Advanced or specialized topics in materials science, engineering and/or technology. A maximum of three credits can count towards the applicable MSE graduate course credit requirements for M.S. Plan A, M.S. Plan B, M.Eng. or Ph.D. degrees.

Specialized non-classroom-based coursework under the regular supervision of a faculty instructor, or as offered by an accredited third party source. Does not constitute original research. A maximum of three credits can count towards the applicable MSE graduate course credit requirements for M.S. Plan A, M.S. Plan B, M.Eng. or Ph.D. degrees.

Provides an in-depth understanding of textile composites, their fabrication and consolidation processes, applications, characterization techniques, mechanical properties, mechanical property models and fatigue and damage tolerance properties. Focus on both 2D and 3D composites made using the textile technologies of weaving, braiding and stitching. The in-plane mechanical properties and failure mechanisms of these composites under static and fatigue loads will be examined along with their enhanced interlaminar fracture toughness, impact resistance and damage tolerance properties.

Classical thermodynamics with emphasis on solutions and phase equilibria. Applications to unary and multicomponent, reacting and nonreacting, homogeneous and heterogeneous systems, including development of phase diagrams.

Thermodynamics, kinetics and crystallography of phase transformations. Nucleation and growth kinetics. Order-disorder, ferroelectric, and ferromagnetic transformations.

Thermodynamic and kinetic principles of solidification. Control of structure and properties of pure and multicomponent materials through casting and solidification processes. Application of solidification principles to shaped casting, continuous casting, crystal growth and particulate processes.

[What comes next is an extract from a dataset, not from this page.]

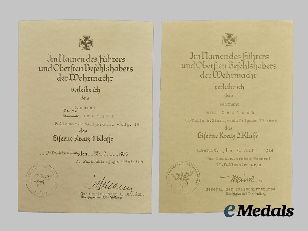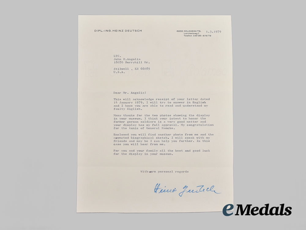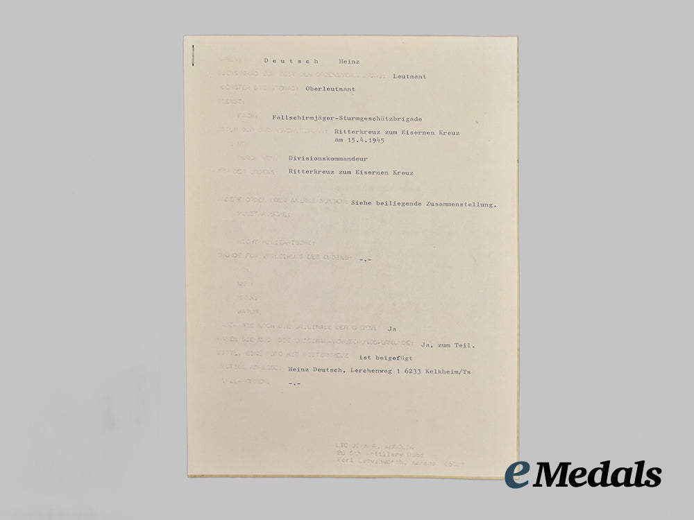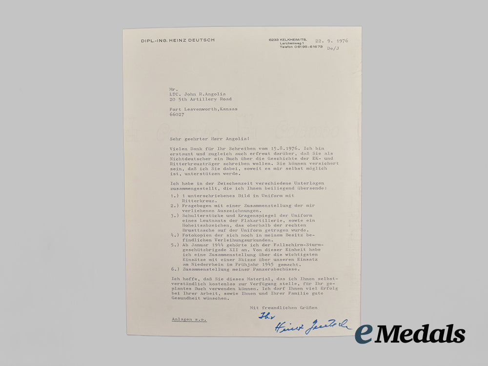 (Luftwaffe Ritterkreuzträger Briefe und Papiere). A lot paper items forwarded by Luftwaffe Knight’s Cross recipient Leutnant Heinz Deutsch, including a typewritten German-language letter to noted militaria reference guide author John R. Angolia, responding to an earlier inquiry from Angolia and enclosing a typewritten service history of Fallschirm-Sturmgeschütz-Brigade XII with a map of operational area (both included in this lot), dated 22 September 1976 and closing with Deutsch’s handwritten signature, also accompanied byEnglish-language letter to Angolia, approving of Angolia’s private museum displays and mentioning an accompanying typewritten biographical sketch, also accompanied by, the initial letter dated 1 March 1979, accompanied by facsimiles of Deutsch’s award documents for the 1939 Iron Cross in both II and I Classes, the Black Grade Wound Badge, and the Luftwaffe Fallschirmjäger Badge, a fascinating example of correspondence between a Knight’s Cross recipient and militaria pioneer in extremely fine condition.

Mechanisms and quantitative treatment of mass, energy, and momentum transfer will be discussed in the context of materials science and engineering applications. Increasingly complex and open-ended applications will be used to illustrate principles of fluid flow; heat conduction, radiation, and diffusion.

Mechanics of deformation and fracture; dislocation theory; strength of ductile and brittle materials; toughness; strengthening mechanisms; toughening mechanisms; creep mechanisms; fatigue crack initiation and propagation; reliability and lifetime prediction.

Special courses or individual readings.

A review of the principal experimental methods used to reveal the microstructure and chemistry of materials. Diffraction techniques: x-ray, electron, neutron and proton scattering. Photon probes: photon microscopies, x-ray topography and XPS. Electron probes: SEM, TEM, EDX, EELS, AES. Atom and ion probes: RBS, SIMS, FIM, PIXE. Scanned probe microscopies.

Electron beam-specimen interactions. Basics of electron microscopes. Diffraction: theory, types of patterns and interpretation. Imaging: diffraction contrast, phase contrast and other techniques. Spectrometry: x-ray microanalysis and electron energy-loss spectrometry.

Introduction to several classical atomic-level simulation techniques (molecular dynamics, Monte Carlo methods) with an emphasis on learning the art of designing simulations and analyzing data generated. The capabilities of the methods to investigate properties and response of materials and the current limitations of materials at the atomic scales will be covered.

Defects in materials: point defects, line defects, and planar defects. The origins, structure and distribution of defects in crystalline solids will be described. The influence of defects on material properties will be discussed in the context of materials science and engineering applications.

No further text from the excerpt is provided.